BJ heads up the old tower in the bitter cold and howling winds. You can imagine what a metal ladder feels like at these temperatures! In a short while, he has a pulley and rope set up and I am hauling first the generator and then a battery up to him on the platform about 18 metres off the ground. I climb up as well, just to add the light from my headlamp to the task at hand, though I am quite happy to stay on the secure ladder and off the windy platform!

(c) Geoff York/WWF
Daylight gently breaks across this amazing landscape of snow, ice, rock, and eskers (glacial landforms – gravel ridges essentially – from the last major ice age). The clear starry night gives way to a beautiful, but bitterly cold and sunny Arctic day – not a common occurrence this time of year! This is exactly the weather the polar bears of Hudson Bay have been waiting for and ice is quickly forming now on the margins of Cape Churchill, a dramatic change from the survey just one week ago.

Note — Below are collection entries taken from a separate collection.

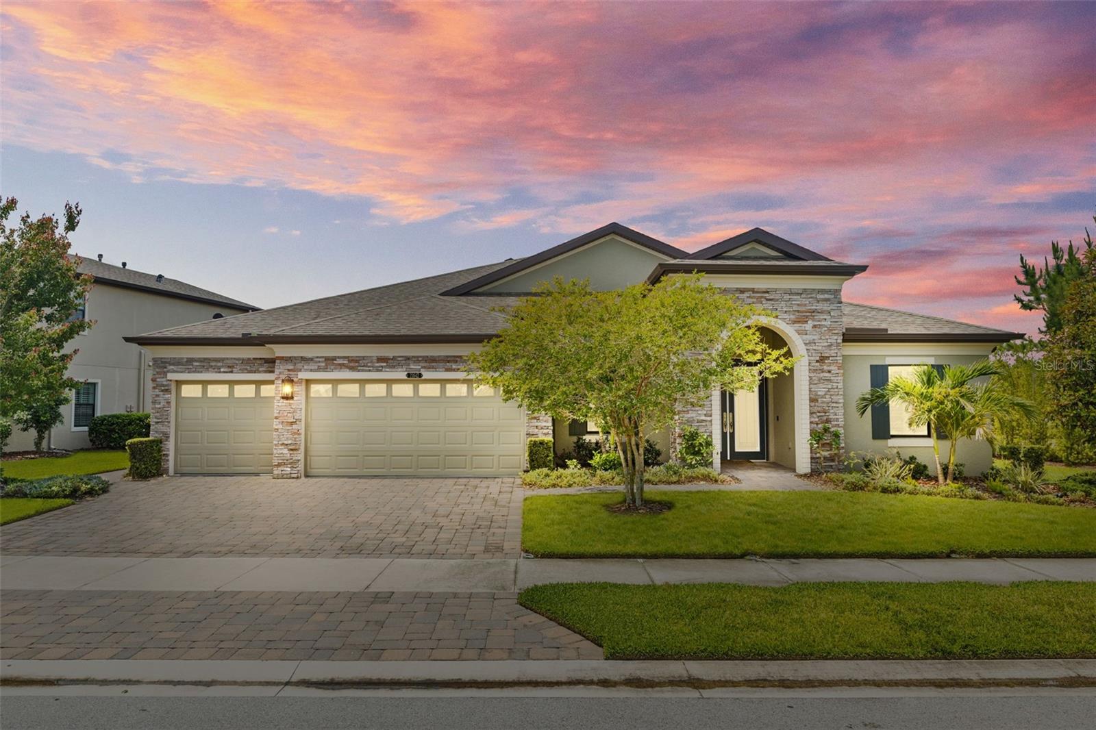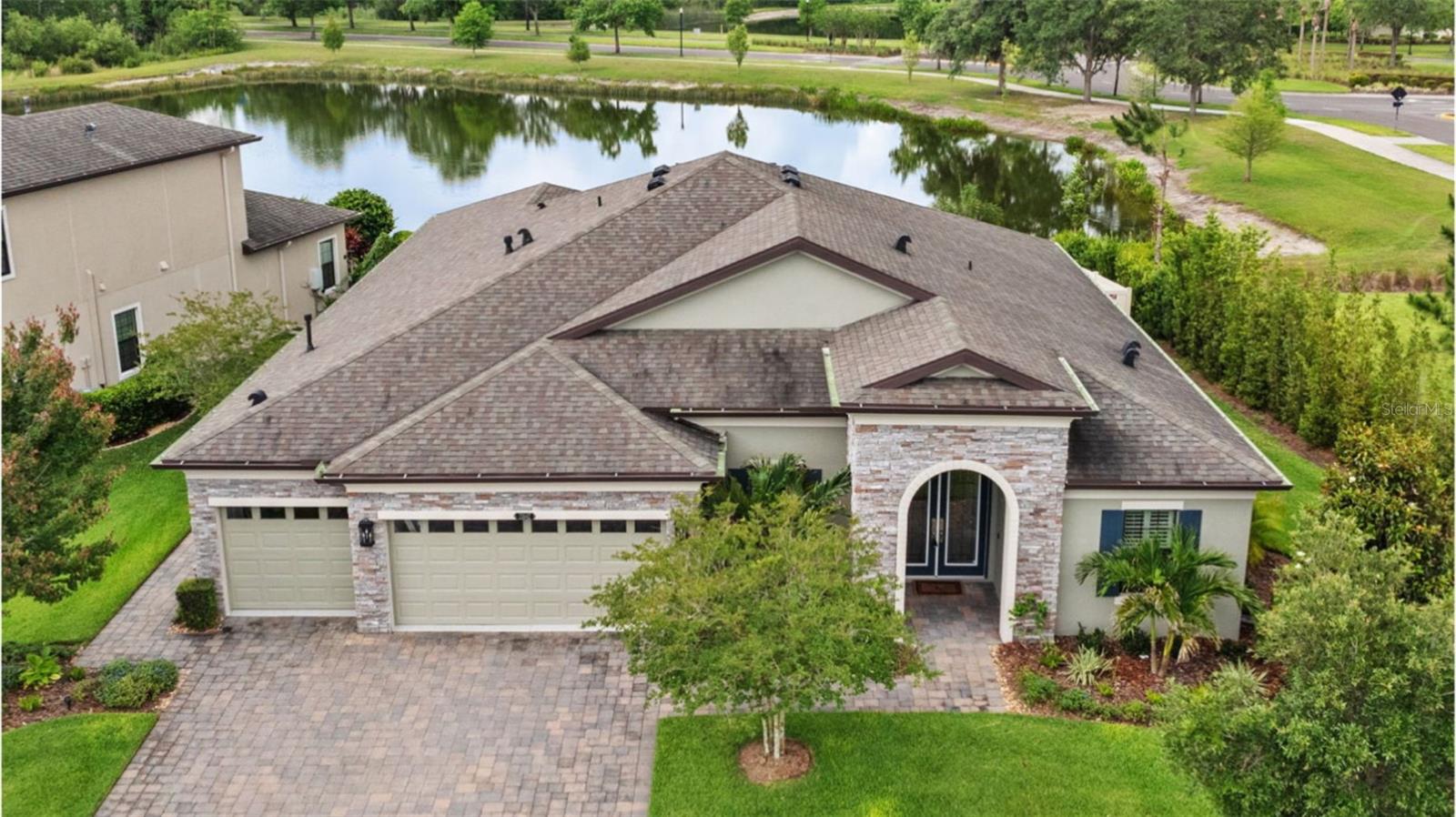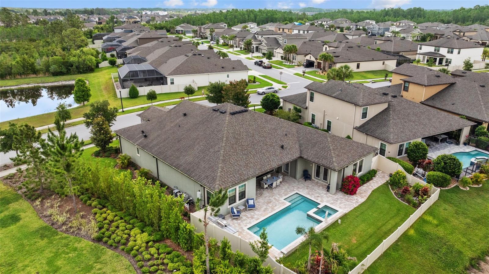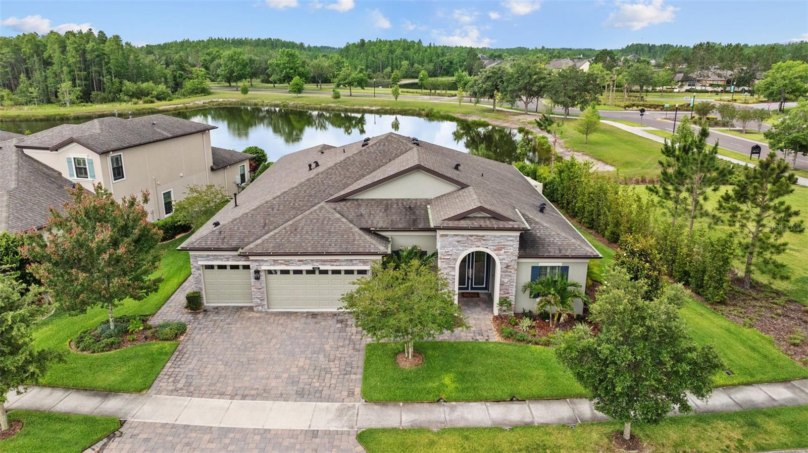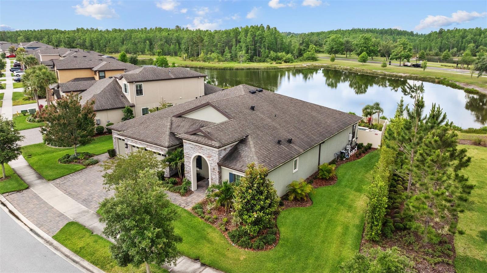 EXQUISITE LUXURY LIVING IN THE HEART OF LAND O' LAKES! Welcome to this stunning 4-bedroom, 3-bathroom lakefront estate with a dedicated HOME OFFICE, formal living room, BONUS room, and 3-car garage, located in the prestigious Connerton Village. Meticulously maintained and thoughtfully upgraded, this elegant residence combines timeless sophistication with resort-style living. This one-of-a-kind home boasts an exceptional layout with over 3,250 sq ft of living space, showcasing refined design elements including stone accent walls, ceiling beams, and elegant finishes throughout. Upon entry, you're greeted by a formal living room — a refined space ideal for receiving guests or enjoying quiet moments. From there, the home flows effortlessly into the heart of the residence: an expansive open kitchen with a quartz waterfall island, stainless steel appliances, walk-in pantry, and abundant cabinet space. Adjacent, the family room and dining area create the ideal setting for entertaining or relaxing with family. The dedicated home office, located near the front entry, provides a quiet retreat perfect for remote work or study. Toward the back of the home, you'll find a spacious bonus room, offering flexible use as a media room, playroom, fitness space, or additional lounge area — all while enjoying views of the serene backyard. The primary suite is privately situated with lake views and includes a spa-like en-suite bath with a freestanding tub, oversized walk-in shower, dual vanities, and a spacious walk-in closet. The additional three bedrooms are generously sized and located in separate wings for enhanced privacy and versatility. Step outside to your own private sanctuary. The pavered outdoor living area is perfect for Florida living, complete with a spa-style pool and breathtaking views of the tranquil lake/pond just beyond your backyard. Whether you're enjoying a quiet morning coffee or entertaining under the stars, this home delivers a seamless indoor-outdoor experience. Residents of Connerton Village enjoy access to resort-style amenities including a luxurious clubhouse, fitness center, resort pool, nature trails, playgrounds, dog parks, and vibrant community events — all designed to elevate your lifestyle. Conveniently located near top-rated schools, upscale shopping, dining, and just a short drive from downtown Tampa, this exceptional home offers both elegance and everyday convenience. Schedule your private tour today and experience unmatched luxury and lifestyle!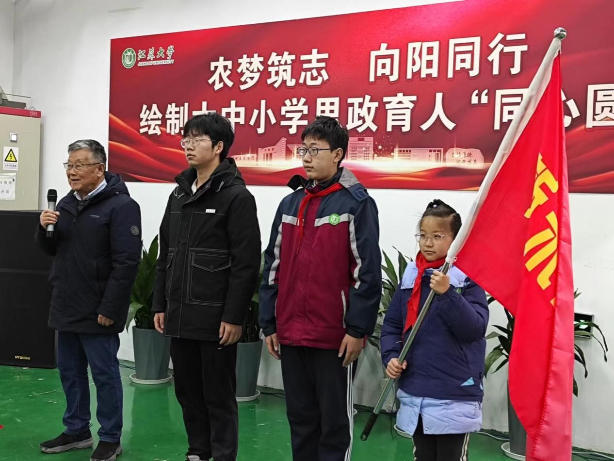 党的二十大报告提出,用社会主义核心价值观铸魂育人,完善思想政治工作体系,推进大中小学思想政治教育一体化建设。为促进青少年儿童传承、弘扬中华农耕文化,也鼓励青年大学生把个人的理想追求融入党和国家事业之中,为建设农业强国贡献青春智慧和力量,多宝网页版、多宝网页版附属学校的大中小学生联合成立一支“向阳而行”的“新禾”先锋队,通过“合作”发挥“合力”,为建设“农”字品牌的大中小学思政课一体化共同体架起“连心桥”、绘好“同心圆”。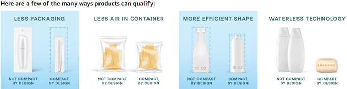 We created Compact by Design to identify products that, while they may not always look very different, have a more efficient design. With the removal of excess air and water, products require less packaging and become more efficient to ship. At scale, these small differences in product size and weight lead to significant carbon emission reductions.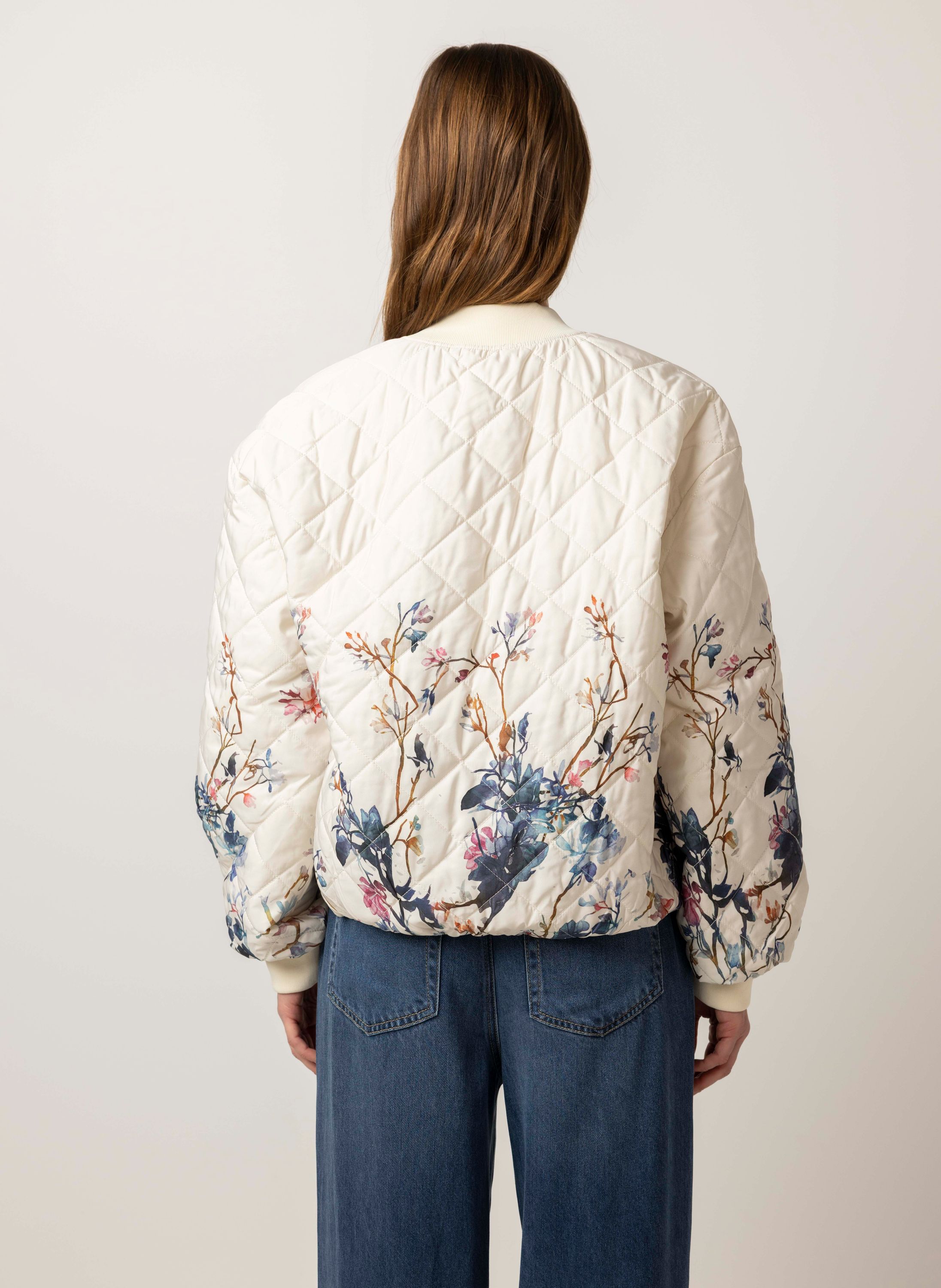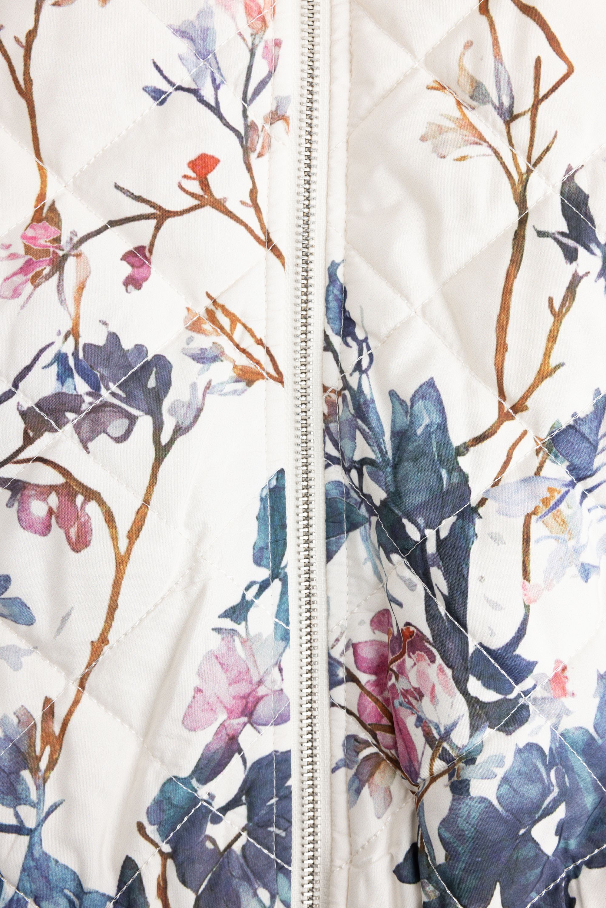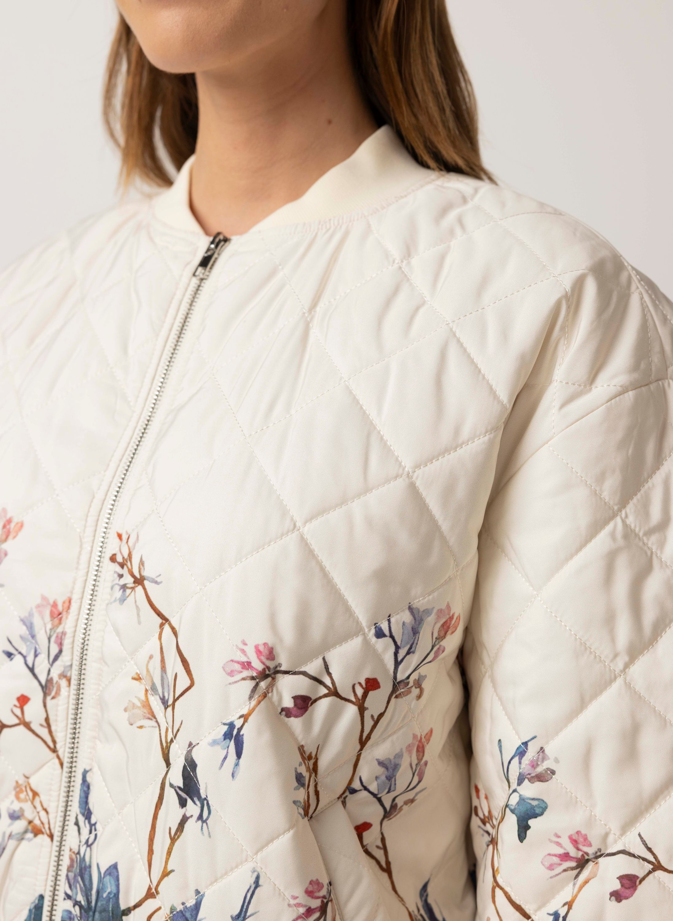 Deze bomberjas heeft een subtiele bloemenprint voor een vrouwelijke uitstraling. De ronde hals, ritssluiting, steekzakken en boorden aan de mouwen en onderzijde zorgen voor een comfortabele pasvorm. Ideaal als stijlvol tussenjasje voor het seizoen.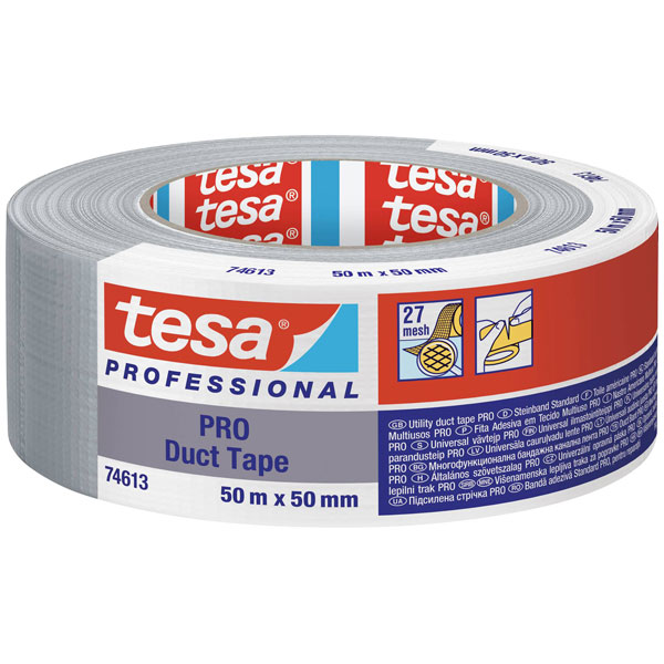 tesa's Duct Tape PRO is a grey repair tape, measuring 50m in length and 50mm in width. It is ideal for sealing, repairing, and bundling tasks. The tape's robust construction makes it suitable for both indoor and outdoor applications.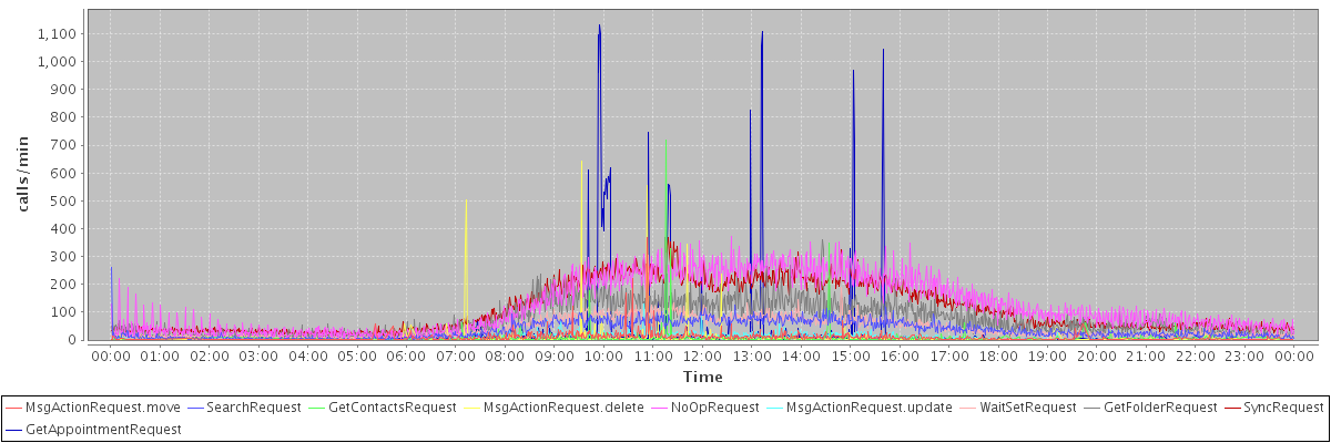 max(MsgActionRequest.move) = 370.00 max(SearchRequest) = 261.00 max(GetContactsRequest) = 718.00 max(MsgActionRequest.delete) = 644.00 max(NoOpRequest) = 371.00 max(MsgActionRequest.update) = 128.00 max(WaitSetRequest) = 189.00 max(GetFolderRequest) = 368.00 max(SyncRequest) = 368.00 max(GetAppointmentRequest) = 1133.00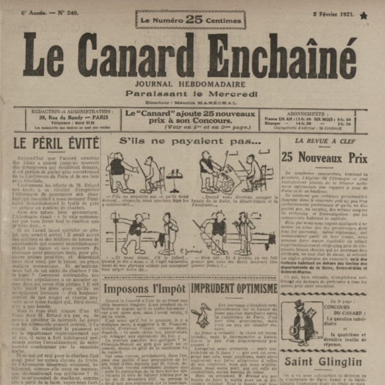 N° 240 du Canard Enchaîné – 2 Février 1921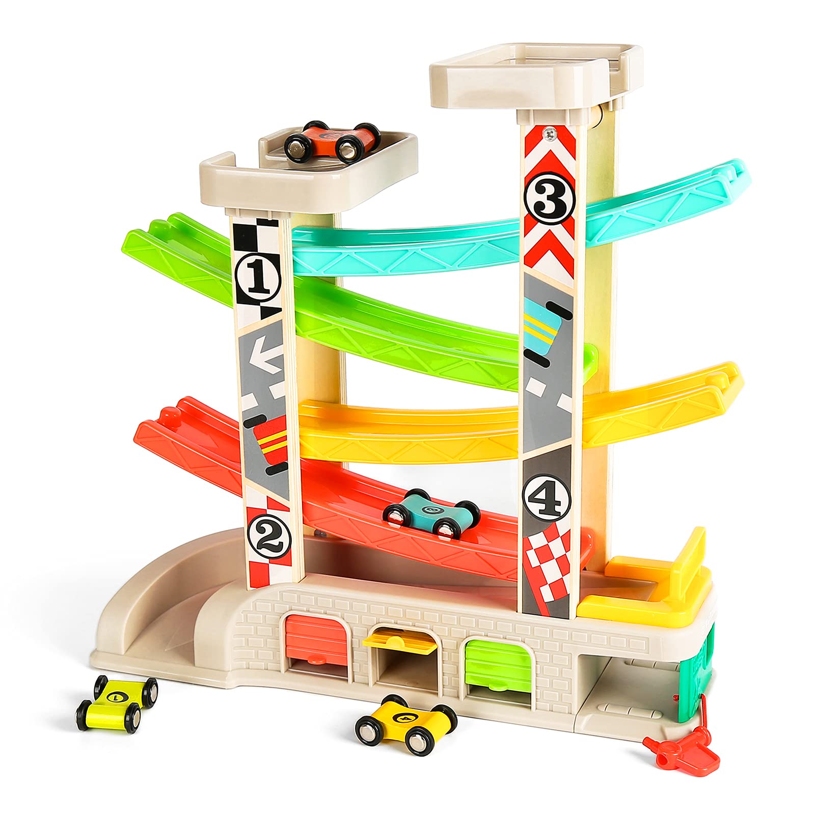 Parking Lot, Easy to : Toddlers can the wooden cars in the related car garages with doors by themselves which helps improve toddler’s sense of storage and learning color matching, also prevent the cars from getting lost.Best Birthday, Holidays (Christmas, Halloween, Thanksgiving New Year) Gifts for boy girl 2 3 4 year olds

After a few trips up and down the ladder, BJ has established a high frequency radio connection back to the town of Churchill. Now we just need to erect the antennae on the Tundra Buggy Lodge and Buggy One should be a mobile broadcast studio again. Guests peer up in startled amusement as they cross between the sleeper cars and the dining cars and see two guys in large blue parkas and face masks wrestling an antenna mast on the windy rooftop. Thanks to BJ’s excellent engineering over the past several years and his experience with on the spot ‘arctic engineering’ – we are connected at 7:58 AM, just in time for my call to Norway. Here’s a view out my mobile office window:
(c) Geoff York/WWF
Upon arrival last night, and while setting our designated paths for the week, John Gunter of FNA counted 13 bears in the immediate vicinity. As I talk with NRK radio, one of the first bears of the day walks by the buggy, and there will be many more to follow. We are the only people who will be all the way out to the Cape this year, so many of the local polar bears are very interested to check out their temporary new neighbours. At Cape Churchill, the humans are every bit as much the exhibit as the bears and the buggies must look like human aquariums to these intensely curious bears. The extreme cold and winds challenge the Buggies and the guests, but the day ends with a lot of smiling faces and shared stories as guests and staff share their day back on the lodge lounge car. This is truly one of the last real ground based expeditions for visitors to this amazing part of Manitoba.